──────── INFORMATION ────────

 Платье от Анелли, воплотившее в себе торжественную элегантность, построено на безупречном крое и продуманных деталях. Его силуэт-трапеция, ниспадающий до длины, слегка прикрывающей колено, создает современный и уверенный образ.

────────
──────── INFORMATION ────────

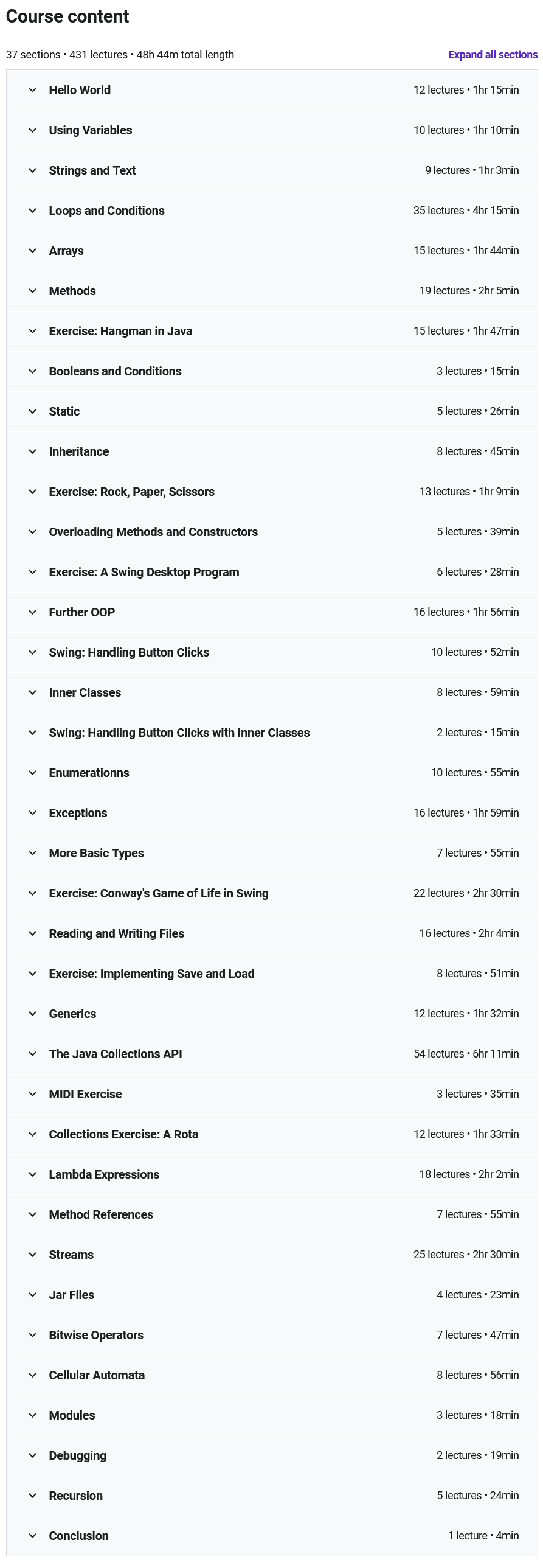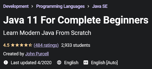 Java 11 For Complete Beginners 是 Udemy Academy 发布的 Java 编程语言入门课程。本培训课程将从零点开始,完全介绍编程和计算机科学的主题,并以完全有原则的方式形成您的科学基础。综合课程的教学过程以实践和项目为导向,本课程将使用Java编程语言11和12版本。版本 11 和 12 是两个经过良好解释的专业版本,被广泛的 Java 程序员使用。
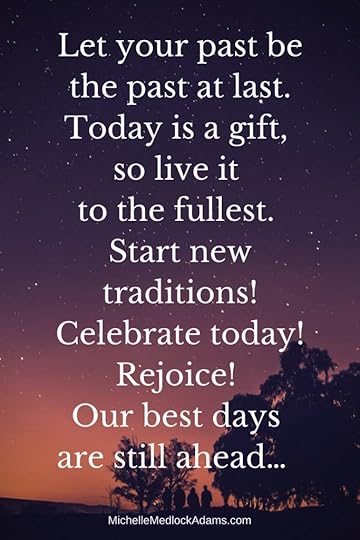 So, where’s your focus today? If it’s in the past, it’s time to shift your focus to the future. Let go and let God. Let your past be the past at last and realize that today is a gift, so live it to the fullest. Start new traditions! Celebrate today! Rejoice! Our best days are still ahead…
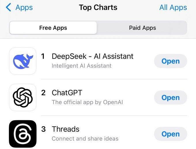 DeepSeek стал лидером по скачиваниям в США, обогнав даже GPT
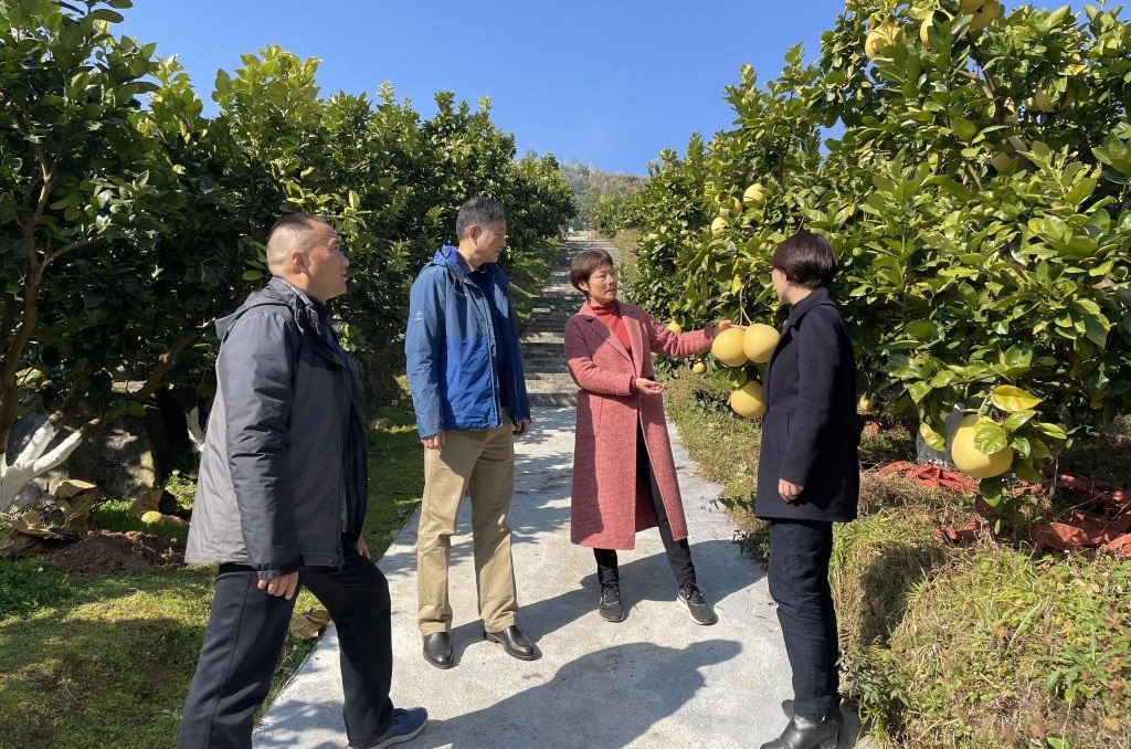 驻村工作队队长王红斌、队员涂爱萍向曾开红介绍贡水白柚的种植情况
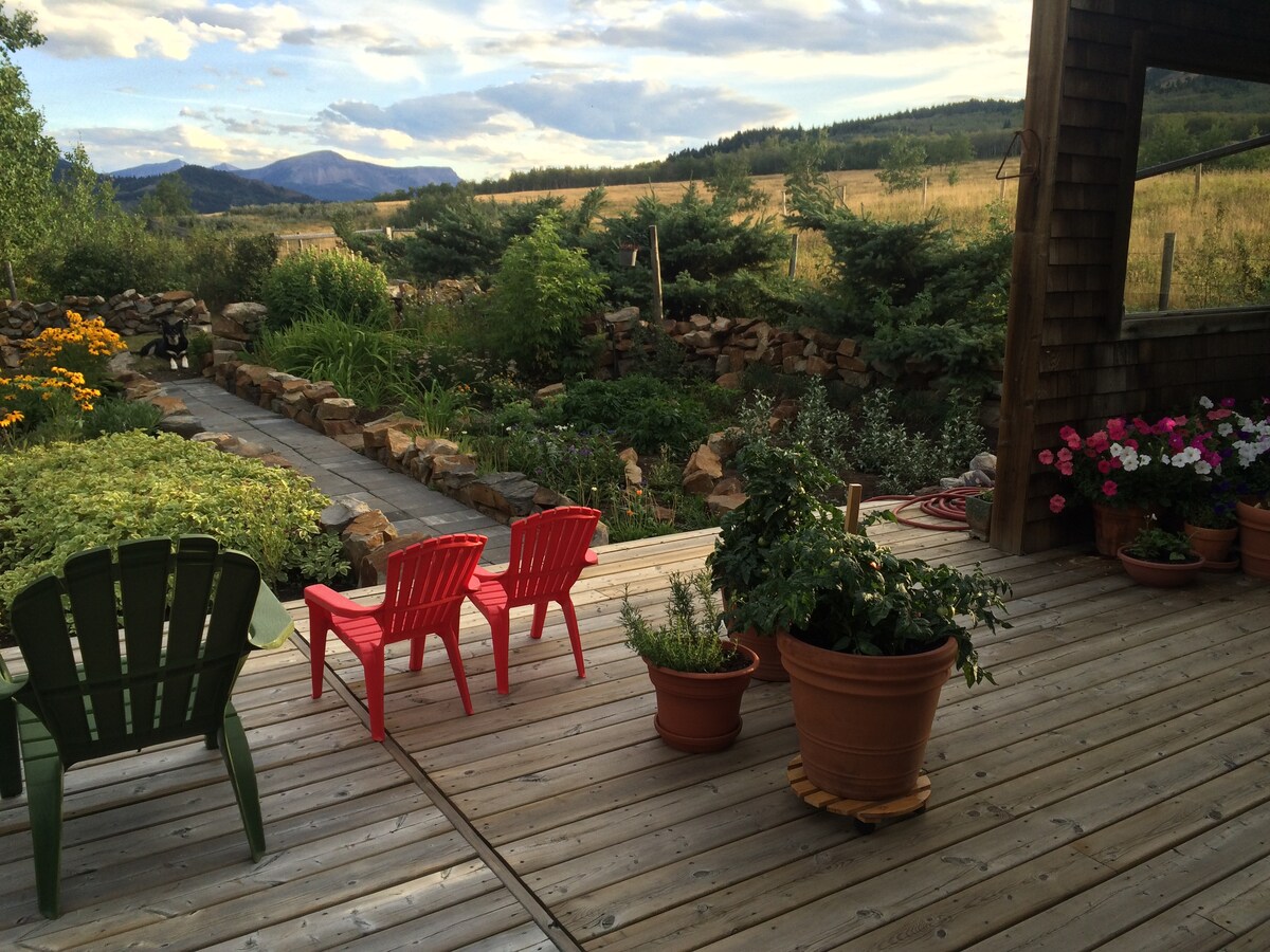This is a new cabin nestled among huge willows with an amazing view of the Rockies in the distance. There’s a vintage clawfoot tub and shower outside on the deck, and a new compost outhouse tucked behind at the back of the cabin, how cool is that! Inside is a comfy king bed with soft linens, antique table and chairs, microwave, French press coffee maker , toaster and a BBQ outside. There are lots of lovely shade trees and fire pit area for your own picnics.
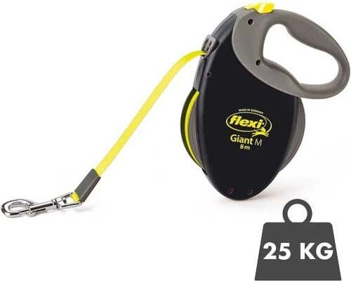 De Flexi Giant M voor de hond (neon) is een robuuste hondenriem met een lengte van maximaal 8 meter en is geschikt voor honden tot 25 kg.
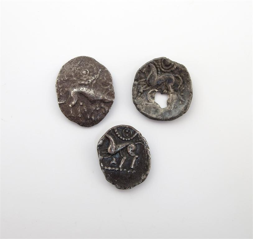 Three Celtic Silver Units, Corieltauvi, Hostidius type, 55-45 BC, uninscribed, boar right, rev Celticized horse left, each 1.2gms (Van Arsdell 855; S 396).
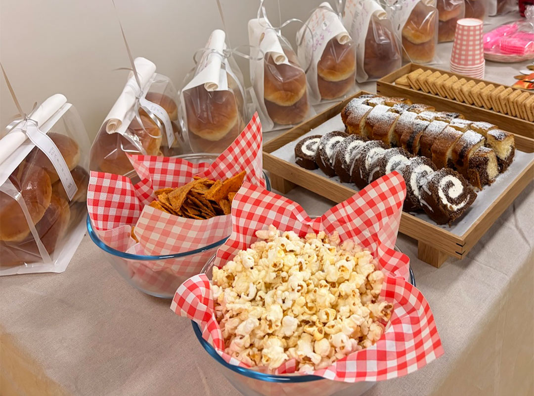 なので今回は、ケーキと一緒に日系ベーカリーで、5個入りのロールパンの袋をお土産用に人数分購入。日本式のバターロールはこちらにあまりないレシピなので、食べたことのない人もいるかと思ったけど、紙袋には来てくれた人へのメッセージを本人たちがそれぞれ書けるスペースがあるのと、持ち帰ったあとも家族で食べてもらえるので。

────────

Using the data above, give again exactly the lines starting at the one holding "驻村工作队队长王红斌、队员涂爱萍向曾开红介绍贡水白柚的种植情况" and ending at the one holding "This is a new", inclusive, and nothing more. Omit the pictures.

**ANSWER FOR THIS EXERCISE:**
 驻村工作队队长王红斌、队员涂爱萍向曾开红介绍贡水白柚的种植情况
This is a new cabin nestled among huge willows with an amazing view of the Rockies in the distance. There’s a vintage clawfoot tub and shower outside on the deck, and a new compost outhouse tucked behind at the back of the cabin, how cool is that! Inside is a comfy king bed with soft linens, antique table and chairs, microwave, French press coffee maker , toaster and a BBQ outside. There are lots of lovely shade trees and fire pit area for your own picnics.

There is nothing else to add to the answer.